Task statement
Below are the records; repeat exactly their lines between the line holding "Rebanada de Cheesecake" and the line holding "우아하고 현대적인 갤러리", inclusive, skipping the pictures.

Supplied information
*** Block opens ***

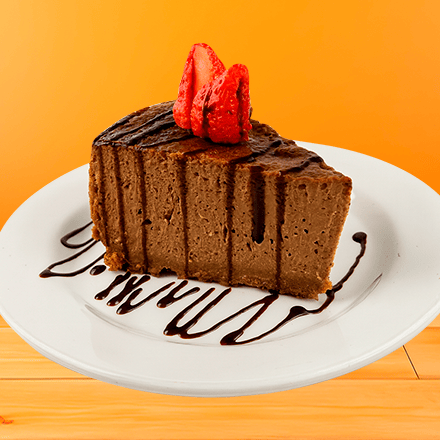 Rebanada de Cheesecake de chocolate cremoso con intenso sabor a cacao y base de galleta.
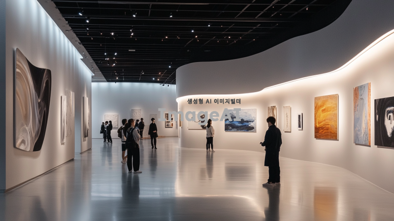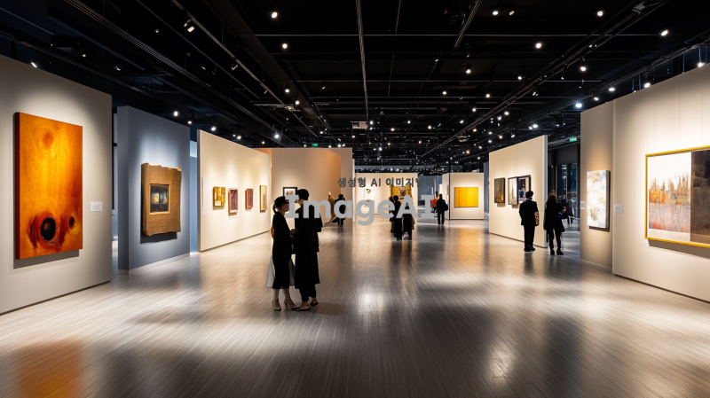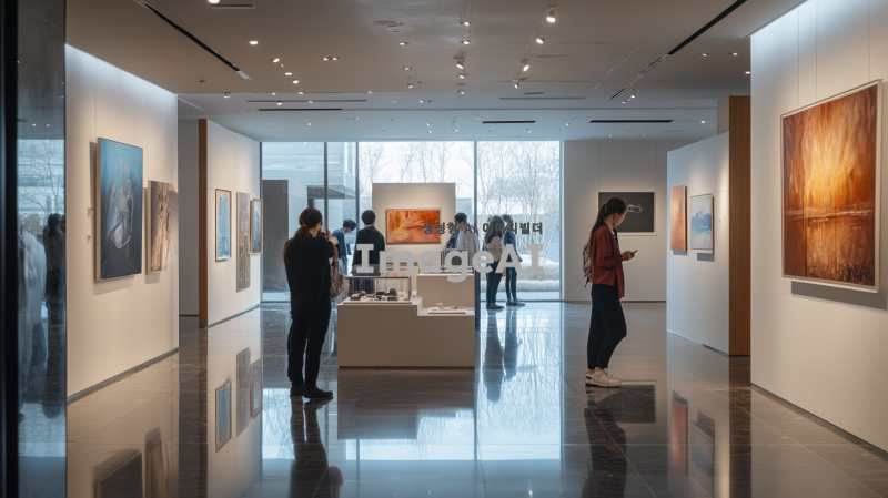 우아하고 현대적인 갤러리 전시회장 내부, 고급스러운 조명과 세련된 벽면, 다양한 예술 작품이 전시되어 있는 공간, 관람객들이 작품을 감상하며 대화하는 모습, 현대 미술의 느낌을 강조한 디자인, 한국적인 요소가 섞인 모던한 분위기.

*** Block closes ***
*** Block opens ***

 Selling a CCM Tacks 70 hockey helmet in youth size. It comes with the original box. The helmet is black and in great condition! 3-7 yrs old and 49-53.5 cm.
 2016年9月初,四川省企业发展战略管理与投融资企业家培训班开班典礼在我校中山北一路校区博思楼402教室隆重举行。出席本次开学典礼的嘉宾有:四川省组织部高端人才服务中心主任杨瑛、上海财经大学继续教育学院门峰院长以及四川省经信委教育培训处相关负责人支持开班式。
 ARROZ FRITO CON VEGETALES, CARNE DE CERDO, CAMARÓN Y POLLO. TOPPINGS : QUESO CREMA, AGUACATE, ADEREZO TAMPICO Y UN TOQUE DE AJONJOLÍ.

*** Block closes ***
*** Block opens ***

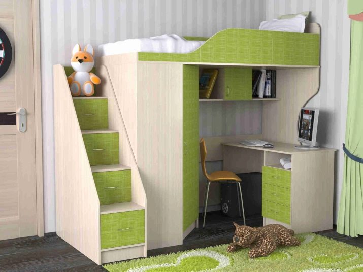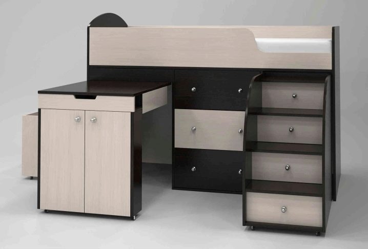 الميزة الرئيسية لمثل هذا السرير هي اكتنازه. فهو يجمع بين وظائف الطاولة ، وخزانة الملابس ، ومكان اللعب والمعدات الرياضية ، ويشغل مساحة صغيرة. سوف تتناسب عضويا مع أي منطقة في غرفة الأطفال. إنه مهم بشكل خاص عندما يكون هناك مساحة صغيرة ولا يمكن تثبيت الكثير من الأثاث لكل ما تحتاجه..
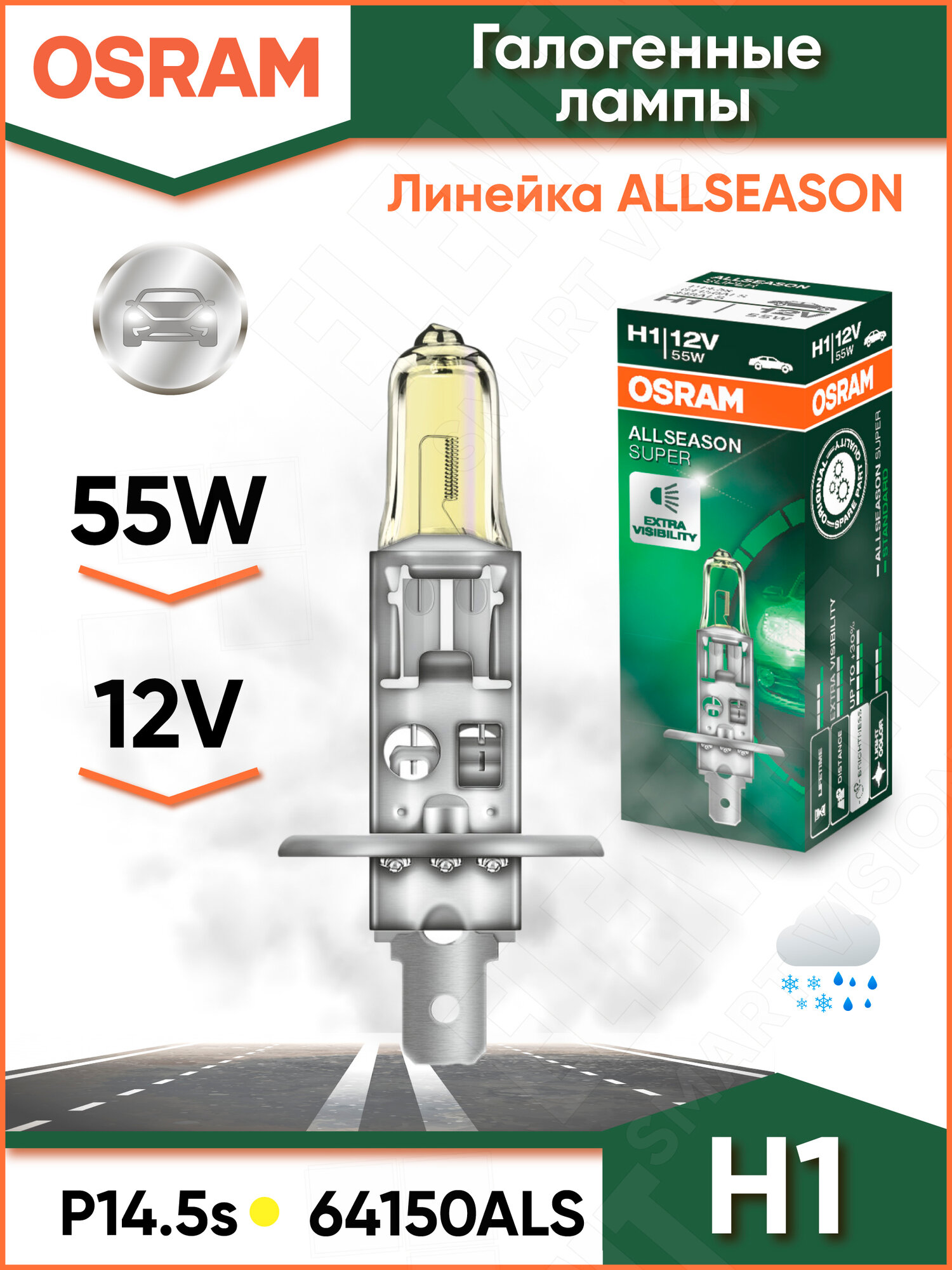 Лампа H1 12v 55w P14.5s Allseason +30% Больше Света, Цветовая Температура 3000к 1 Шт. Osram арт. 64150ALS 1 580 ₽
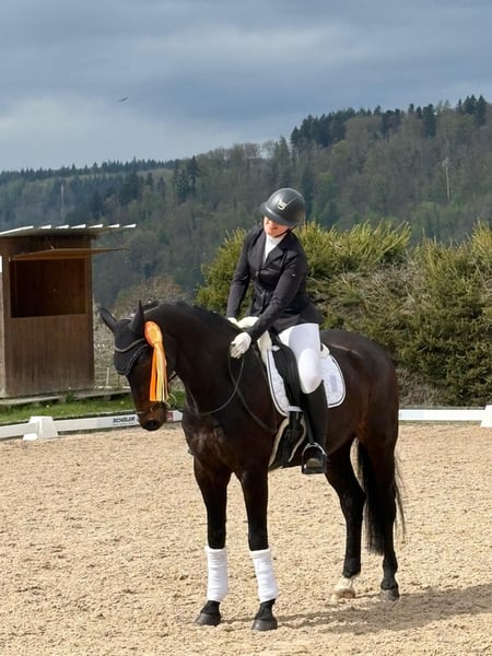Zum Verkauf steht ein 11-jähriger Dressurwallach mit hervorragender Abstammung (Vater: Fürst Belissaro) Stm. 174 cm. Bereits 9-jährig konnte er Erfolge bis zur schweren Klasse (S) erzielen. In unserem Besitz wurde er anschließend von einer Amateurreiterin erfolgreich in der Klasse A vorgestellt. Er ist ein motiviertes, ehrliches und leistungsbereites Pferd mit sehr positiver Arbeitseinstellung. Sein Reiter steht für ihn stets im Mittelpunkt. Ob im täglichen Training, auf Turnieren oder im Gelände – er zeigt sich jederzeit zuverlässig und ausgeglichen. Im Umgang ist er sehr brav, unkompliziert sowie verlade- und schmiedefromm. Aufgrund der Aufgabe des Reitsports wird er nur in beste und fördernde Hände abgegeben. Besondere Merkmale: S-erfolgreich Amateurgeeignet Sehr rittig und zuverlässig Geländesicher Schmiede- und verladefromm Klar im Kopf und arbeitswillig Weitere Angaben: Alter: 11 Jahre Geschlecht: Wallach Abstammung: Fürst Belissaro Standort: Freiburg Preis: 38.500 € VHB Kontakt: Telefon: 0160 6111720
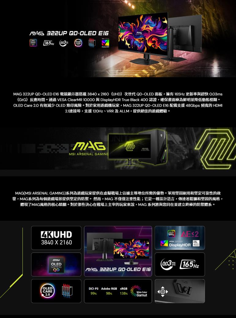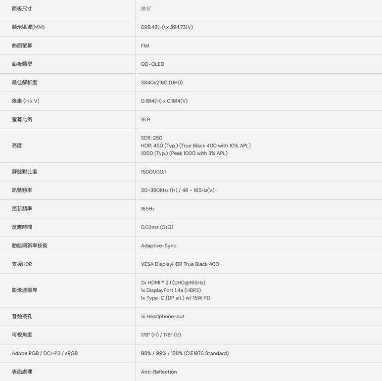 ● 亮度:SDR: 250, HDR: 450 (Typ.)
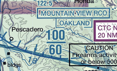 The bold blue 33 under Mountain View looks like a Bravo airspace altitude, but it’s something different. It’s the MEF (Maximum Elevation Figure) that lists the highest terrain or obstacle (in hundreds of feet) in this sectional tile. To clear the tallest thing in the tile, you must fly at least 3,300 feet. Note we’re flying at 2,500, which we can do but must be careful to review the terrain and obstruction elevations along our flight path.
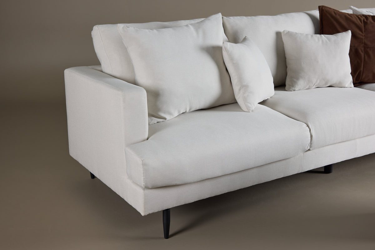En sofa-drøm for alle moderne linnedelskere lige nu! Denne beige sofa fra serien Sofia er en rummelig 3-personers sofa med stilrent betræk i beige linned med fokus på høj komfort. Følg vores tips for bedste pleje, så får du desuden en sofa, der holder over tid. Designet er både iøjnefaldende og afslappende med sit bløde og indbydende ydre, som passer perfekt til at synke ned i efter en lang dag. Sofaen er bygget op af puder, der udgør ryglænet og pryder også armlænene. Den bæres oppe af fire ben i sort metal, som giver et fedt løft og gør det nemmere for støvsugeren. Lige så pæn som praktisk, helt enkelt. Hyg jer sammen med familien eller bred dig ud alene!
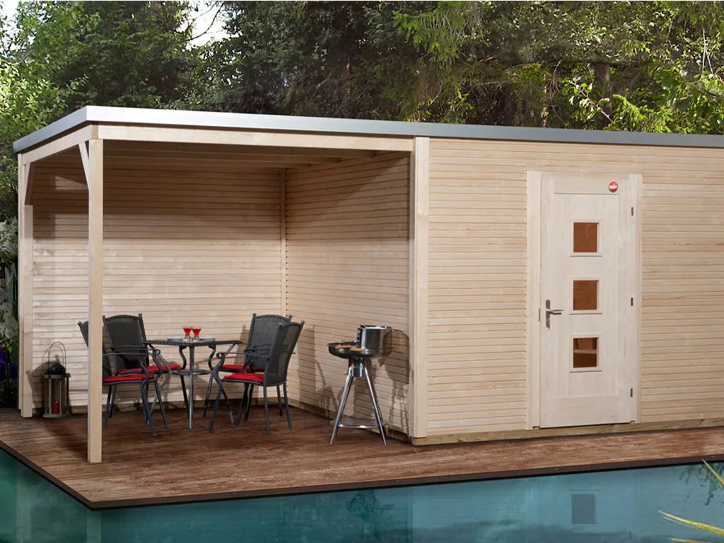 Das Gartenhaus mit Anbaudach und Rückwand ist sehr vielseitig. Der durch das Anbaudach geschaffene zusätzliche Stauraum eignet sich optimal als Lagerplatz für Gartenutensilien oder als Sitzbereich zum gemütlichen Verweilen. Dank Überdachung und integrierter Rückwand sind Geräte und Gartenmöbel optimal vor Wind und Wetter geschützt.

*** Block closes ***

Task answer
 Rebanada de Cheesecake de chocolate cremoso con intenso sabor a cacao y base de galleta.
 우아하고 현대적인 갤러리 전시회장 내부, 고급스러운 조명과 세련된 벽면, 다양한 예술 작품이 전시되어 있는 공간, 관람객들이 작품을 감상하며 대화하는 모습, 현대 미술의 느낌을 강조한 디자인, 한국적인 요소가 섞인 모던한 분위기.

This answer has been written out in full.